I/We warrant that I/We have been authorized by our business to enter into a binding contract with RICHARDS BUILDING SUPPLY (hereafter referred to as “THE COMPANY”) or any of its subsidiaries or affiliates.
I/We agree that all purchases shall be made in accordance with, and subject to, your terms and conditions of sale and I/We will pay each invoice in full in accordance with the terms of the particular purchase agreement, invoice, or shipping document with or without buyer’s signature
I/We agree to pay a monthly service charge of 2% (or the highest legal rate) computed on the unpaid balance until the account is paid in full. In the event that any collection action is brought against this account, I/We agree to pay all costs and reasonable attorney’s fees, regardless of whether or not litigation is initiated, including fees to perfect and enforce our lien rights or file a claim on a payment bond.
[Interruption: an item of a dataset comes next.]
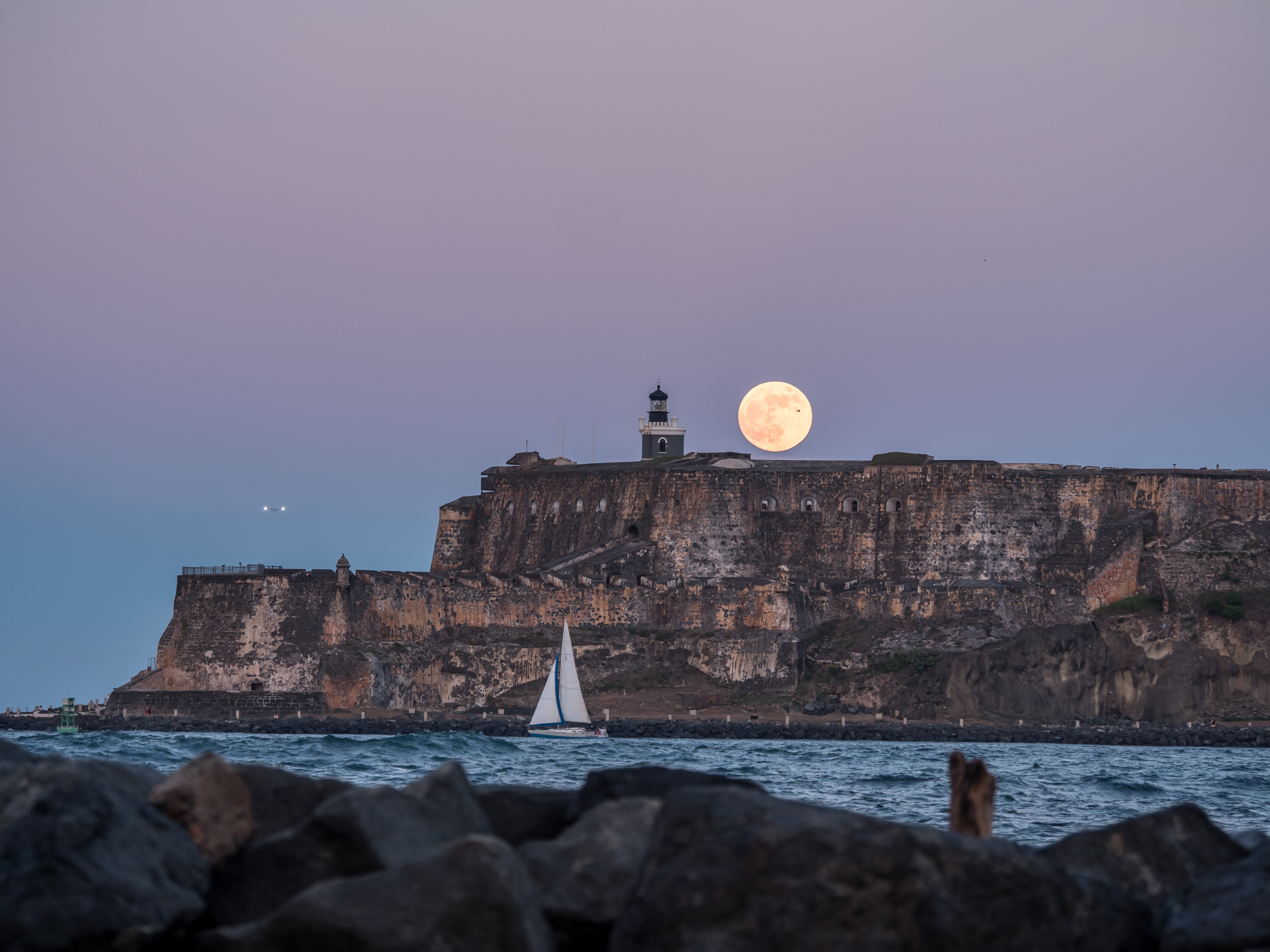 This was in the exact day of the full moon of September 27 of 2015 (red full moon total eclipse)

I/We agree that payments made by credit card are subject to a 2.5% processing fee
I/We agree that the venue for any legal action will be in Will County, Illinois unless the law requires otherwise.
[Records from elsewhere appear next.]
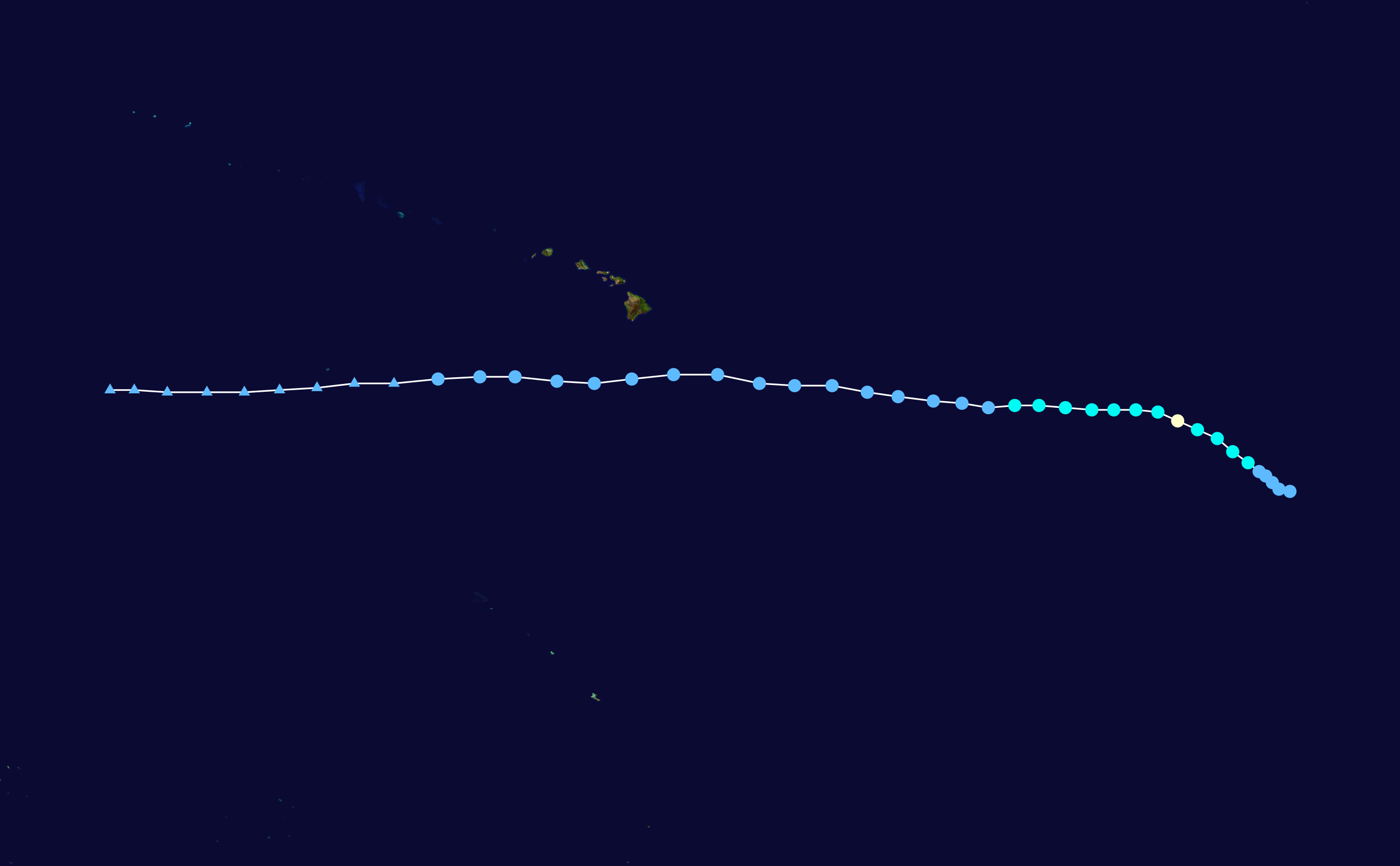 Track map of Hurricane Cosme of the 2007 Pacific hurricane season. The points show the location of the storm at 6-hour intervals. The colour represents the storm's maximum sustained wind speeds as classified in the Saffir–Simpson scale (see below), and the shape of the data points represent the nature of the storm, according to the legend below. Saffir–Simpson scale Tropical depression≤38 mph≤62 km/h Category 3111–129 mph178–208 km/h Tropical storm39–73 mph63–118 km/h Category 4130–156 mph209–251 km/h Category 174–95 mph119–153 km/h Category 5≥157 mph≥252 km/h Category 296–110 mph154–177 km/h Unknown Storm type Tropical cyclone Subtropical cyclone Extratropical cyclone / Remnant low / Tropical disturbance / Monsoon depression
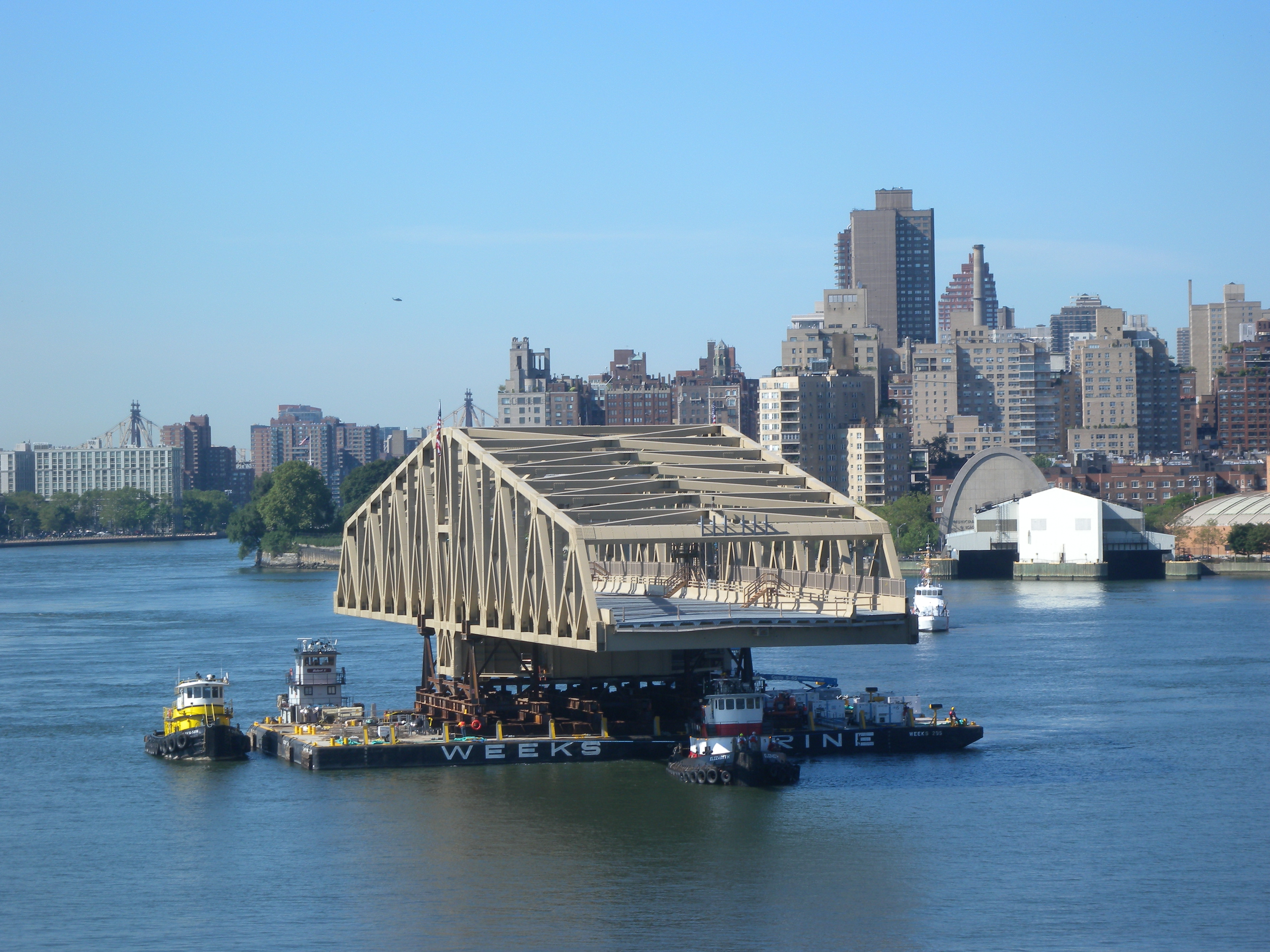 Looking down and southwest, full zoom, as Willis Avenue Bridge passes Municipal Asphalt Plant.
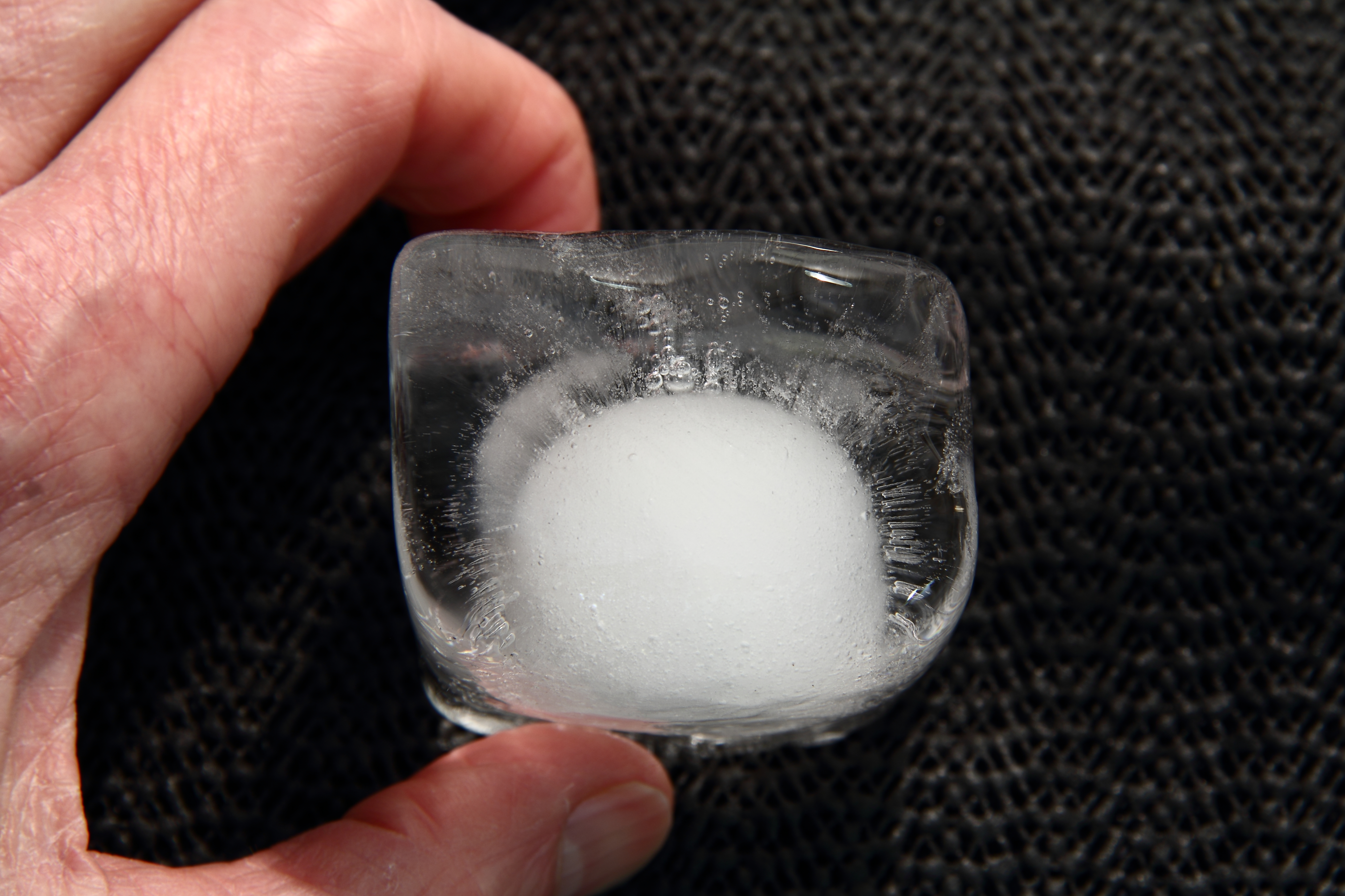 Ice cube grown from tap water in a standard household deep freeze. The top of the cube (the initial air-water interface) is up in this photograph. Growth proceeded from the top and both sides (the clear zones), systematically expelling the water's air content toward the centre and bottom of the cube. The white zone is where a lot of this air eventually became entrapped as tiny bubbles.
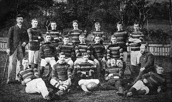 Team of Salford FC (currently "Salford Red Devils") in their original red, amber and black hoops kit. The club played rugby union code by then.
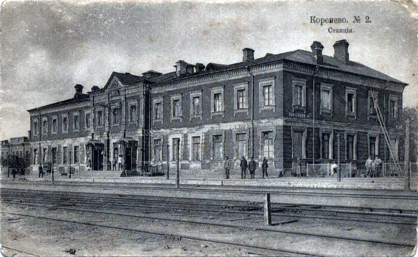 Korenevo Train Station (Мoscow-Kiev-Voronezh Railway) in the begining of XX century. View from railways
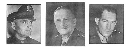 Image from the public domain book A Concise History of the U.S. Air Force by Stephen L. McFarland. According to that page: "Center, Carl Spaatz, Commanding General, United States Strategic Air Forces (USSTAF), in the top command position over America's air chiefs; left, Ira Eaker, Commanding General, Mediterranean Allied Air Forces (MAAF); right, Frederick Anderson, Deputy for Operations, USSTAF".

I/We authorize THE COMPANY to contact any consumer reporting agency, all banks, credit, and business trade references listed herein at any time to verify our credit standing with them and, hereby, authorize them to release said information to THE COMPANY.
THE COMPANY reserves the right to issue notices and record any claim to perfect any mechanics lien rights regarding any material and/or labor supplied to or ordered for any project or job.
If our business objects to any invoice charge or the quality of any product delivered by THE COMPANY, I/We agree to notify THE COMPANY in writing within 10 days of the date of the invoice, statement of account or delivery.
The credit limit may be increased or decreased at the discretion of THE COMPANY, without written notice and without affecting any personal guarantees.
I/We agree that THE COMPANY has the right to determine, at its sole discretion, how to apply for payments despite any request to the contrary.
I/We further agree to pay all amounts due under this Agreement until THE COMPANY has received written notice to close this account, mailed U.S. Mail Certified Return Receipt Requested, no matter what person or entity ordered or used the material supplied on this account and regardless of any change in the legal structure of Customer or the existence of entities or individuals legally distinct from Customer using or benefiting from the materials supplied.
In the event any other person or entity orders or utilizes any materials supplied pursuant to this Agreement, it is agreed that both the undersigned Customer and such other person or entity shall be obligated to pay for such material ordered or utilized plus all costs, attorney’s fees and service charges.
I/We agree that all funds owed from anyone or received as a result of the materials supplied by THE COMPANY shall be held in trust for the benefit of THE COMPANY (“Trust Funds”). I/We agree that I/We have no interest in Trust Funds and to promptly account for and pay to THE COMPANY all such Trust Funds.
THE COMPANY may stop the manufacture or supply of any materials when it, in its sole discretion, determines that Customer is in breach of this agreement or any other contract with THE COMPANY or when THE COMPANY has any insecurity with respect to Customer’s creditworthiness. I/We further agree that THE COMPANY shall not, in any event, be responsible for any damage due to delay in supply of any labor or materials.
TO THE EXTENT PERMITTED BY LAW, EXCEPT AS EXPRESSLY SET OUT IN THIS AGREEMENT, THE COMPANY DISCLAIMS ALL REPRESENTATIONS AND WARRANTIES OF ANY KIND, EXPRESS OR IMPLIED, INCLUDING WITHOUT LIMITATION, GUARANTEES, REPRESENTATIONS OR WARRANTIES OF DURABILITY, FITNESS FOR A PARTICULAR PURPOSE, MERCHANTABILITY, NON-INFRINGEMENT OR ARISING FROM A STATUTE OF CUSTOM OR A COURSE OF DEALING OR USAGE OF TRADE ARE HEREBY EXCLUDED.